* **TASK GOAL**
Write out nothing but the lines from the first line of the entries below through the line with "The length of"; no pictures go in.

☆ ☆ ☆

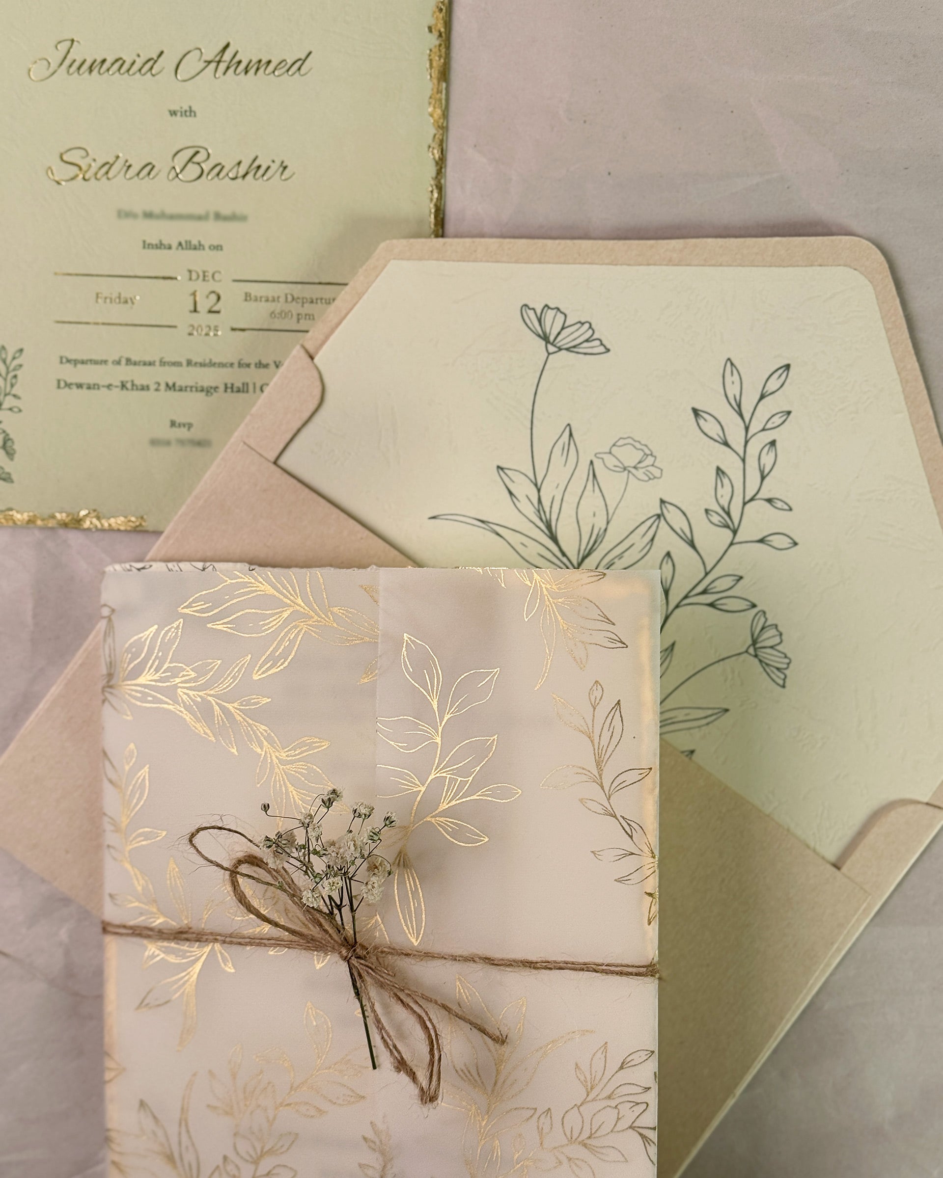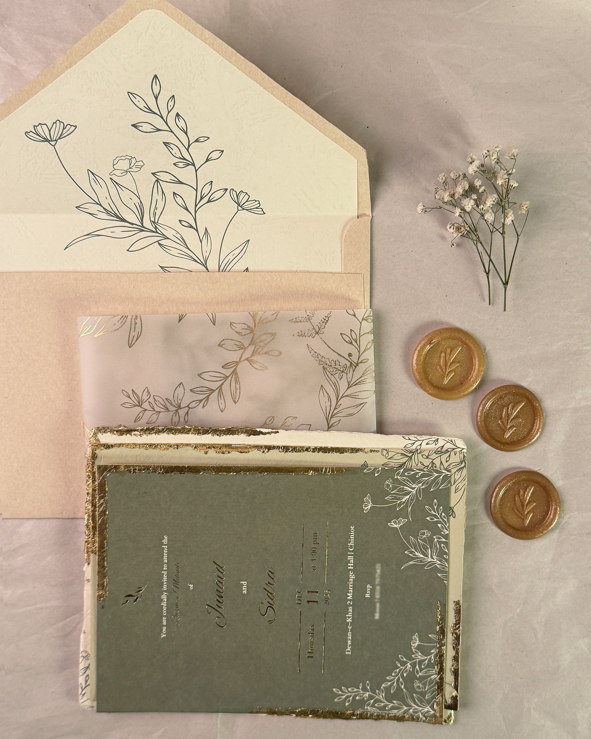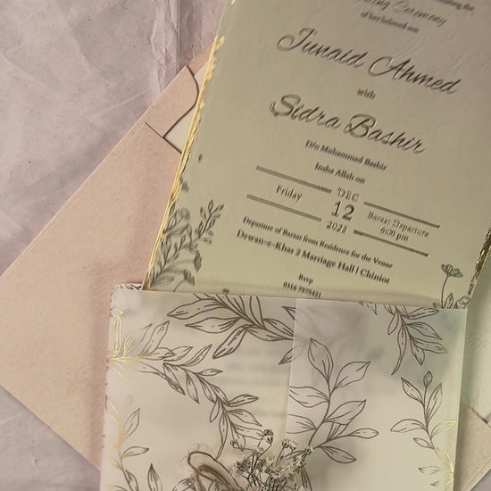 Tuscany is a product exuding the essence of the Tuscan sun. Off-white and sage green are the perfect colours to capture a sense of nostalgia - the 6x8 inch buffalo texture card allows for a vintage touch with the smaller insert being deckle edged. Names and dates are further elevated with gold-foiled details, while inserts encased in a vellum sheet are fastened with a jute rope and baby's breath. This whole package then sits snug in the tag card envelope with a liner of sage green floral line art design, humble yet ornate, sealed with a wax seal stamp to complete the ensemble. All inserts come with gold leafing.
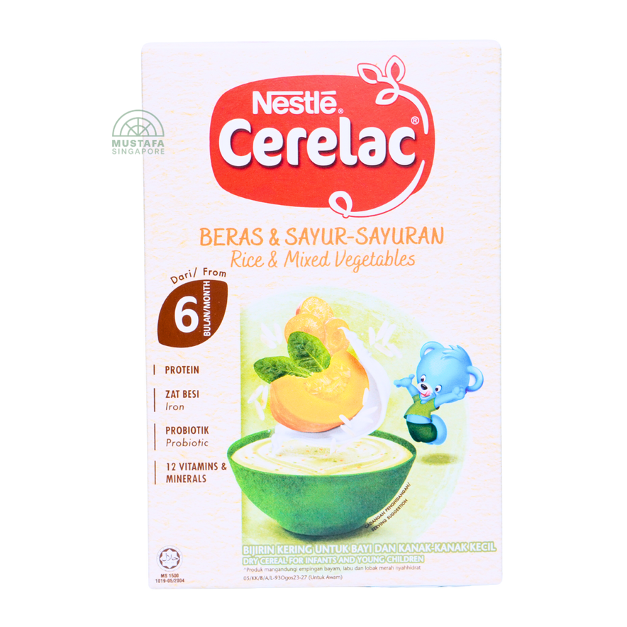 Nestlé Cerelac Rice and Mixed Vegetables 250g is a wholesome weaning cereal that blends rice with vegetable powders. Rich in vitamins and minerals, it helps support healthy growth and immunity for babies from 6 months.
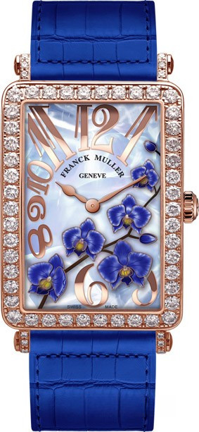 Корпус часов изготовлен из розового золота 18к. Размер корпуса 22.9 х 40 мм, водонепроницаемость до 30 м. Циферблат голубой жемчужный с синими орхидеями. На нем отображаются часы, минуты. Часы комплектуются автоматическим механизмом FM 800. Поставлется на ремешке из кожи аллигатора с вставкой из розового золота 18к. Корпус инкрустирован белыми бриллиантами.
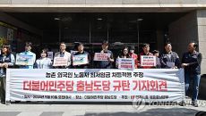 (천안=연합뉴스) 이주형 기자 = 민주노총 세종충남지역본부는 10일 오전 충남 천안시 동남구 더불어민주당 충남도당 앞에서 기자- 2024.05.10 16:05
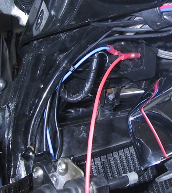 2. Use the horn mounting location (and stock mounting bracket bolt) to attach your relay where the horn 'was' mounted. Note in the photo (right) I've attached a blue and a red wire to the relay
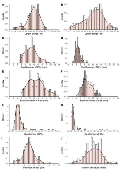 The length of BSs ranged from 3 to 87.7 cm, with the highest frequency in the range of 30.1 to 69 cm. Moreover, the top diameter of the BSs ranged from 2.25 to 9.4 mm, with the highest frequency in the range of 3.4 to 5.8 mm. The basal diameter of the BSs ranged from 3.92 to 16.99 mm, with the highest frequency in the range of 6.1 to 12.4 mm. Additionally, the slenderness of the BSs ranged from 0.011 to 0.118, with the highest frequency in the range of 0.01 to 0.024. Then, the number of leaves of the BSs ranged from 2 to 22, with the highest frequency in the range of 8 to 16, and the internodal length of the BSs ranged from 0.9 to 8.16 cm, with the highest frequency in the range of 2.8 to 5.2 cm.
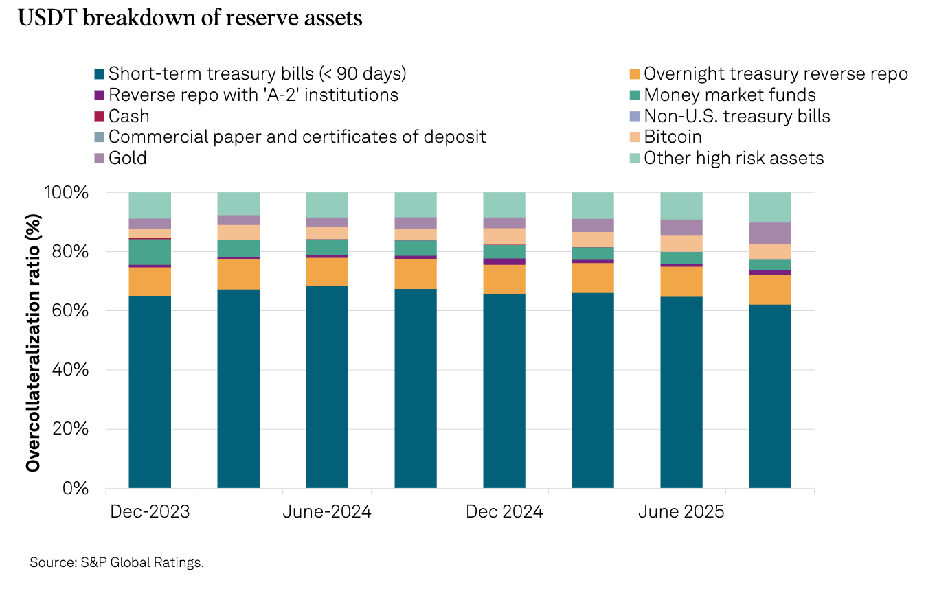 Theo S&P, đánh giá trên xuất phát từ nhiều yếu tố, trong đó có việc Tether dùng các tài sản rủi ro lớn để bảo chứng cho USDT, bao gồm: Bitcoin, vàng, các khoản cho vay và trái phiếu doanh nghiệp.
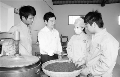 近日,信阳五云茶叶集团公司从安徽省请来专家进行指导,使该公司生产加工出的信阳红茶条形紧缩、金毫显露、乌黑发亮、汤色橙红,深受广大消费者的青睐。图为该公司领导在生产加工车间向技术人员了解红茶产品质量时的情景。

☆ ☆ ☆

* **SOLUTION FOR THIS PROBLEM**
 Tuscany is a product exuding the essence of the Tuscan sun. Off-white and sage green are the perfect colours to capture a sense of nostalgia - the 6x8 inch buffalo texture card allows for a vintage touch with the smaller insert being deckle edged. Names and dates are further elevated with gold-foiled details, while inserts encased in a vellum sheet are fastened with a jute rope and baby's breath. This whole package then sits snug in the tag card envelope with a liner of sage green floral line art design, humble yet ornate, sealed with a wax seal stamp to complete the ensemble. All inserts come with gold leafing.
 Nestlé Cerelac Rice and Mixed Vegetables 250g is a wholesome weaning cereal that blends rice with vegetable powders. Rich in vitamins and minerals, it helps support healthy growth and immunity for babies from 6 months.
 Корпус часов изготовлен из розового золота 18к. Размер корпуса 22.9 х 40 мм, водонепроницаемость до 30 м. Циферблат голубой жемчужный с синими орхидеями. На нем отображаются часы, минуты. Часы комплектуются автоматическим механизмом FM 800. Поставлется на ремешке из кожи аллигатора с вставкой из розового золота 18к. Корпус инкрустирован белыми бриллиантами.
 (천안=연합뉴스) 이주형 기자 = 민주노총 세종충남지역본부는 10일 오전 충남 천안시 동남구 더불어민주당 충남도당 앞에서 기자- 2024.05.10 16:05
 2. Use the horn mounting location (and stock mounting bracket bolt) to attach your relay where the horn 'was' mounted. Note in the photo (right) I've attached a blue and a red wire to the relay
 The length of BSs ranged from 3 to 87.7 cm, with the highest frequency in the range of 30.1 to 69 cm. Moreover, the top diameter of the BSs ranged from 2.25 to 9.4 mm, with the highest frequency in the range of 3.4 to 5.8 mm. The basal diameter of the BSs ranged from 3.92 to 16.99 mm, with the highest frequency in the range of 6.1 to 12.4 mm. Additionally, the slenderness of the BSs ranged from 0.011 to 0.118, with the highest frequency in the range of 0.01 to 0.024. Then, the number of leaves of the BSs ranged from 2 to 22, with the highest frequency in the range of 8 to 16, and the internodal length of the BSs ranged from 0.9 to 8.16 cm, with the highest frequency in the range of 2.8 to 5.2 cm.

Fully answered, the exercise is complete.